Per-skill templates that explicitly require one-issue-per-call (e.g.
`plan-eng-review`) are already compatible — they're a stricter special
case of this rule.
## Worked example: 5 platform integrations
Fixture used by `test/skill-e2e-plan-ceo-split-overflow.test.ts`. A plan
has 5 independent chat-platform candidates:
- E1) Slack DM bot (~2 weeks, ~40% of asks)
- E2) Discord guild bot (~3 weeks, ~15%)
- E3) Microsoft Teams (~4 weeks, ~5%)
- E4) Telegram (~1 week, ~8%)
- E5) Mattermost (~2 weeks, ~3%)
User wants individual decisions per candidate, not a bundled pick. The
agent should:
1. Recognize this is a 5-option independent-scope decision → split.
2. Check dependencies (none here — each platform is standalone).
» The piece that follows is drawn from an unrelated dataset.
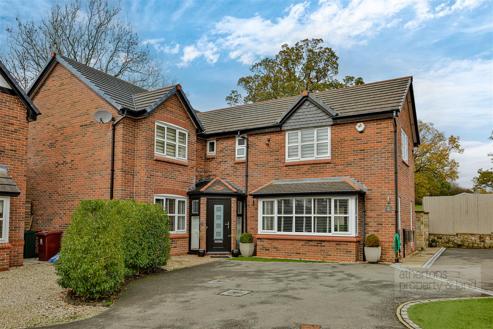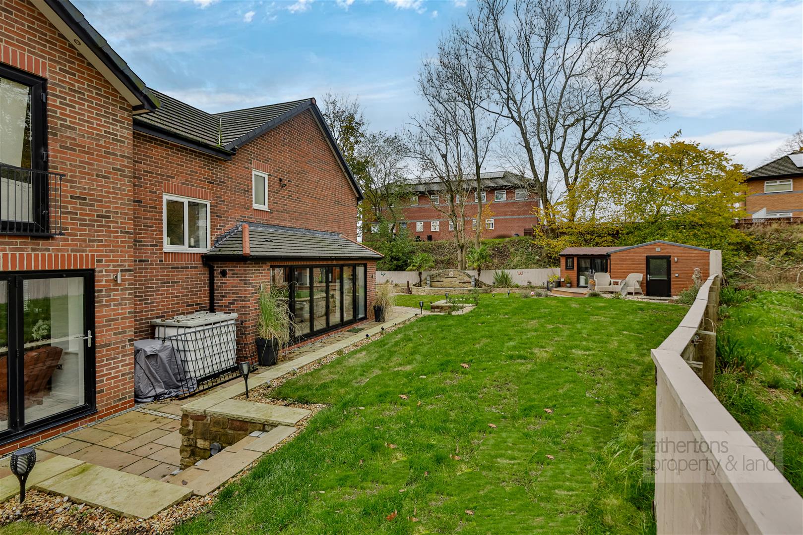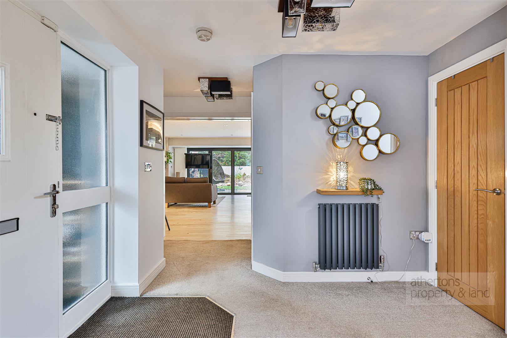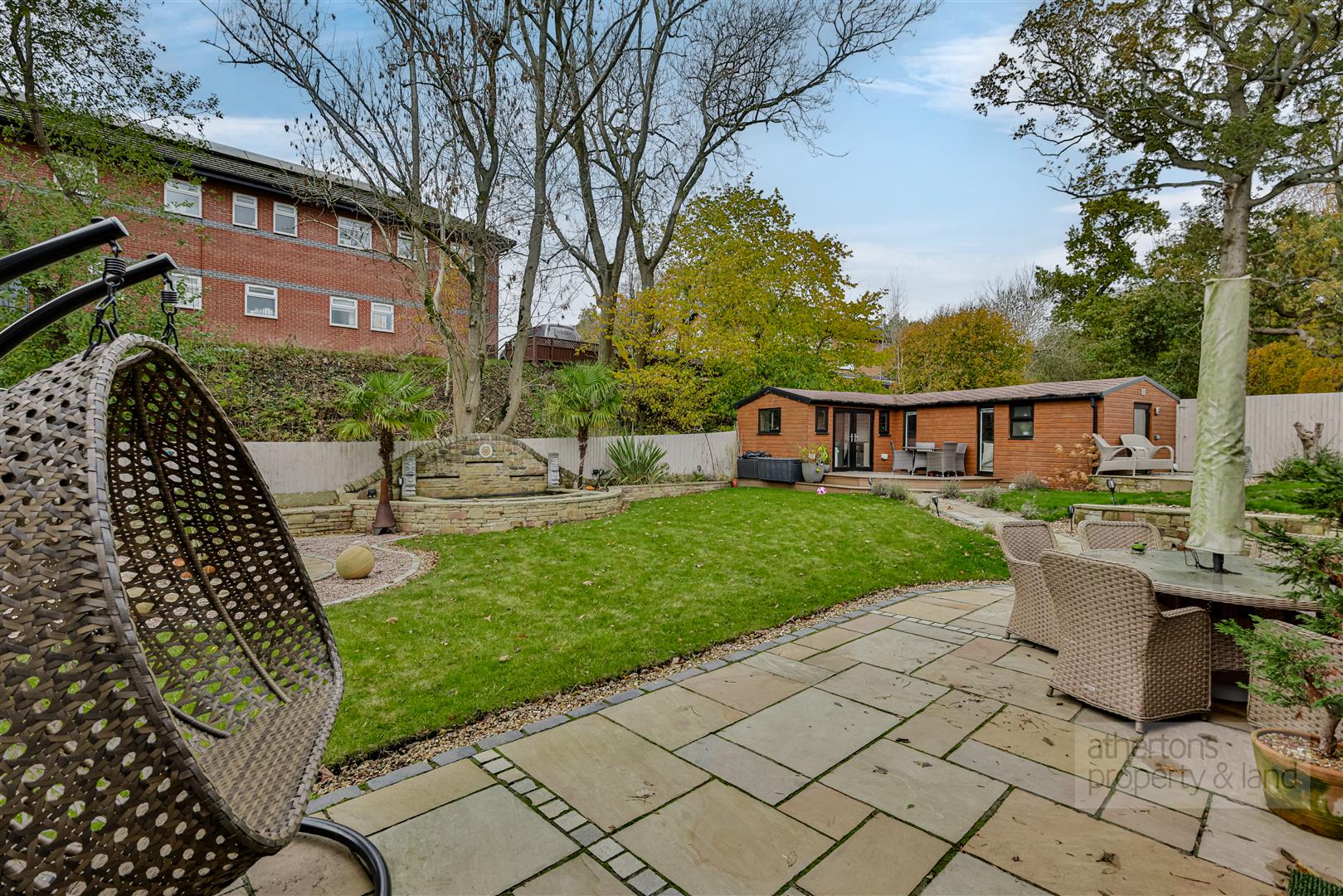 Externally, the property benefits from two tarmacadam driveway areas, providing extensive off-road parking and open access to the rear. The landscaped gardens wrap around the property, featuring split-level lawns, paved patios, and a stone pond with water feature. Fenced borders over adjoining fields offer excellent privacy, while the west-facing aspect ensures sunshine throughout the afternoon and evening.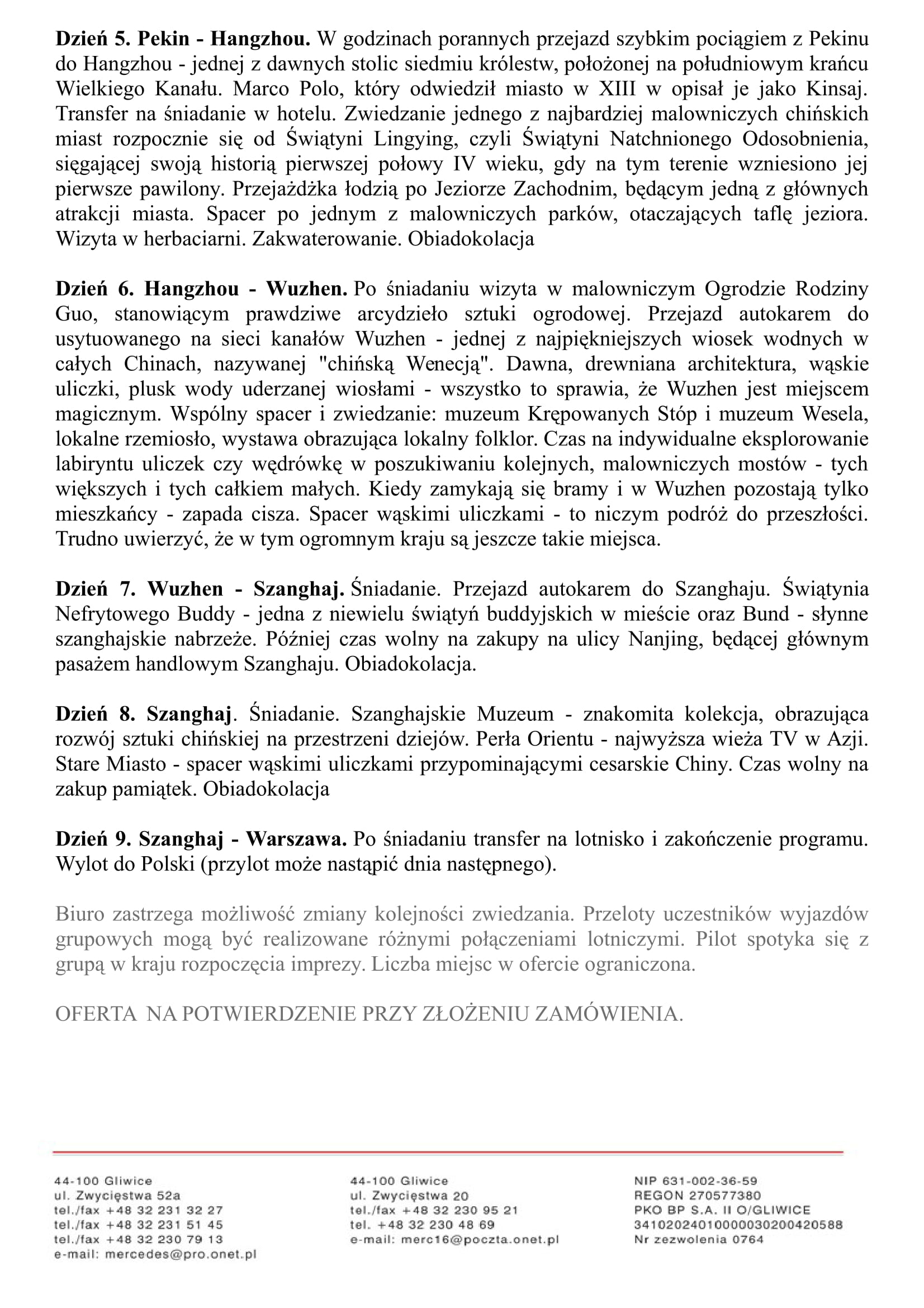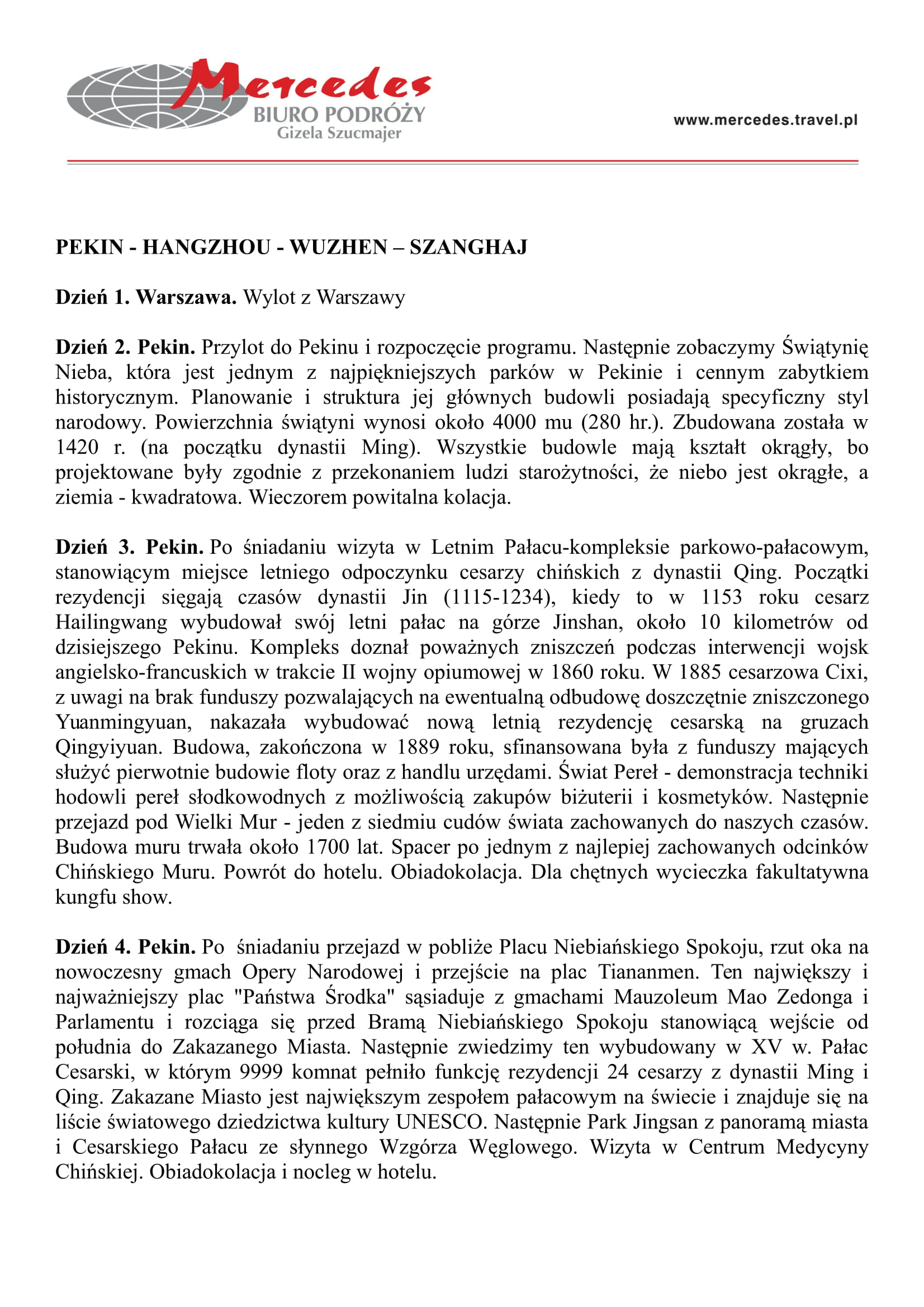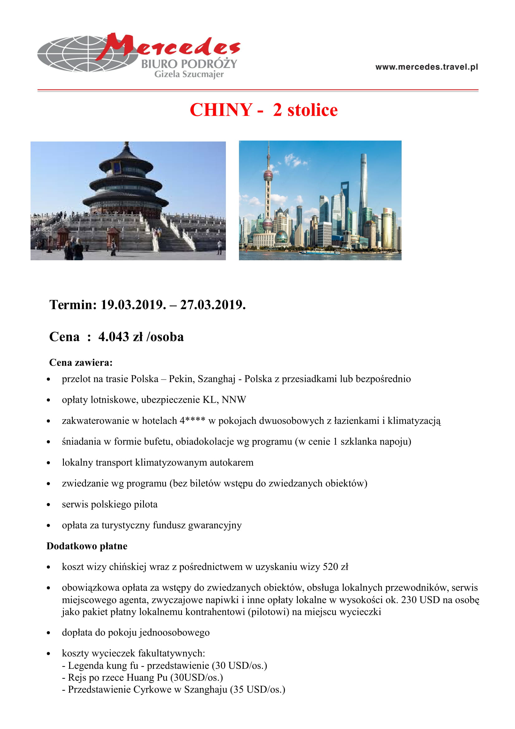 19.03-27.03.2019 Zapraszamy na wycieczkę do Chin

3. Fire `D3.1` through `D3.5`, one per platform, with Include / Defer /
Cut / Hold buckets and an effort+demand-grounded recommendation per
option.
4. After the chain, fire `D3.final` summarizing the assembled scope
(e.g. "Ship E1 + E4 — Slack and Telegram pull most demand for least
build cost. Defer the rest. A) Ship / B) Revise / C) Cut more").
Pre-fix failure shape (the bug): agent constructs a single
AskUserQuestion with E1..E4 as four options, drops E5 with prose like
"E5 is the smallest revenue segment, moving to TODOs". The user never
got to weigh in on E5. Floor-of-4 in the E2E test catches this.